**Instructions to follow**
All lines from the one with "暴雪突至,浙江烏溪江公司運行" to the end of the entries below must be written out exactly. Leave out any other line.

=======

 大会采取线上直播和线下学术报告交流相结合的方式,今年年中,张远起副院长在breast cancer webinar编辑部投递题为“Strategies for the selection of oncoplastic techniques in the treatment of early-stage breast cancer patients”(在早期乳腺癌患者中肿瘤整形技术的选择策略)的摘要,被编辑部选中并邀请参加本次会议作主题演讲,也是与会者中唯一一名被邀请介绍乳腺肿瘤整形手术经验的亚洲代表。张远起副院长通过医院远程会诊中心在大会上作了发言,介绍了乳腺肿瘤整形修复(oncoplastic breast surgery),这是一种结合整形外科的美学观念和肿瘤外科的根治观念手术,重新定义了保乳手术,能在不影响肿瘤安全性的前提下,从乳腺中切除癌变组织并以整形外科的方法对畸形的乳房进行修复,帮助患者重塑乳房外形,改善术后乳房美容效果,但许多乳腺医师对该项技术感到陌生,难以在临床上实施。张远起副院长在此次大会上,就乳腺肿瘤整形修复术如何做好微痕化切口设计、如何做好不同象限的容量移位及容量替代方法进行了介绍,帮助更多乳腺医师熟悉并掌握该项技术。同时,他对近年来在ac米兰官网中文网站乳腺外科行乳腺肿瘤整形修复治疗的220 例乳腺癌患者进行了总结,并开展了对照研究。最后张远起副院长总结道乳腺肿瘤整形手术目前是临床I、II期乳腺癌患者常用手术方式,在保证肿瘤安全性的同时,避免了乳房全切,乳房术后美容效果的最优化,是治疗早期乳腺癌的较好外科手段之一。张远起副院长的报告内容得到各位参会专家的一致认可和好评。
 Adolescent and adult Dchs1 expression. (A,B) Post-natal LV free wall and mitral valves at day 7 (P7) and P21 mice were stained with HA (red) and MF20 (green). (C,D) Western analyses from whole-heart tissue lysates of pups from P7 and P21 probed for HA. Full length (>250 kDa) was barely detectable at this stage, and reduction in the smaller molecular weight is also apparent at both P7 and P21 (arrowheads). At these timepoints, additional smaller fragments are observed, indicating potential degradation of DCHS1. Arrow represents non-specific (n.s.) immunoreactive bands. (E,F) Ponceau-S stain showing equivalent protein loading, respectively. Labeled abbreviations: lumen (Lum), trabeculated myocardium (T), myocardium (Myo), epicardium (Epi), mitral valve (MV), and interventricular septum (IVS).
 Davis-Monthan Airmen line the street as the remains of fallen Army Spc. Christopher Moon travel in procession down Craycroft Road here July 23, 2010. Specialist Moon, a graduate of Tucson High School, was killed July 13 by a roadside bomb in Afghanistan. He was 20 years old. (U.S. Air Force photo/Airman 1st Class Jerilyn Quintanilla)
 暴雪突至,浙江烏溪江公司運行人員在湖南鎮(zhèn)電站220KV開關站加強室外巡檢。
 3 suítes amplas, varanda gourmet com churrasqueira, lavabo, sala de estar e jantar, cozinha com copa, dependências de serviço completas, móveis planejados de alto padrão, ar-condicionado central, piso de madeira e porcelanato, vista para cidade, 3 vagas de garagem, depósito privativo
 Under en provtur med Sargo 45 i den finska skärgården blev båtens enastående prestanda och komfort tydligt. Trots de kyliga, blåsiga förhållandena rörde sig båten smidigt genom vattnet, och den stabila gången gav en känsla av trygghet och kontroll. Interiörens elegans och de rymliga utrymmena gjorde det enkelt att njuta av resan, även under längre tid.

=======

**Exercise response**
 暴雪突至,浙江烏溪江公司運行人員在湖南鎮(zhèn)電站220KV開關站加強室外巡檢。
 3 suítes amplas, varanda gourmet com churrasqueira, lavabo, sala de estar e jantar, cozinha com copa, dependências de serviço completas, móveis planejados de alto padrão, ar-condicionado central, piso de madeira e porcelanato, vista para cidade, 3 vagas de garagem, depósito privativo
 Under en provtur med Sargo 45 i den finska skärgården blev båtens enastående prestanda och komfort tydligt. Trots de kyliga, blåsiga förhållandena rörde sig båten smidigt genom vattnet, och den stabila gången gav en känsla av trygghet och kontroll. Interiörens elegans och de rymliga utrymmena gjorde det enkelt att njuta av resan, även under längre tid.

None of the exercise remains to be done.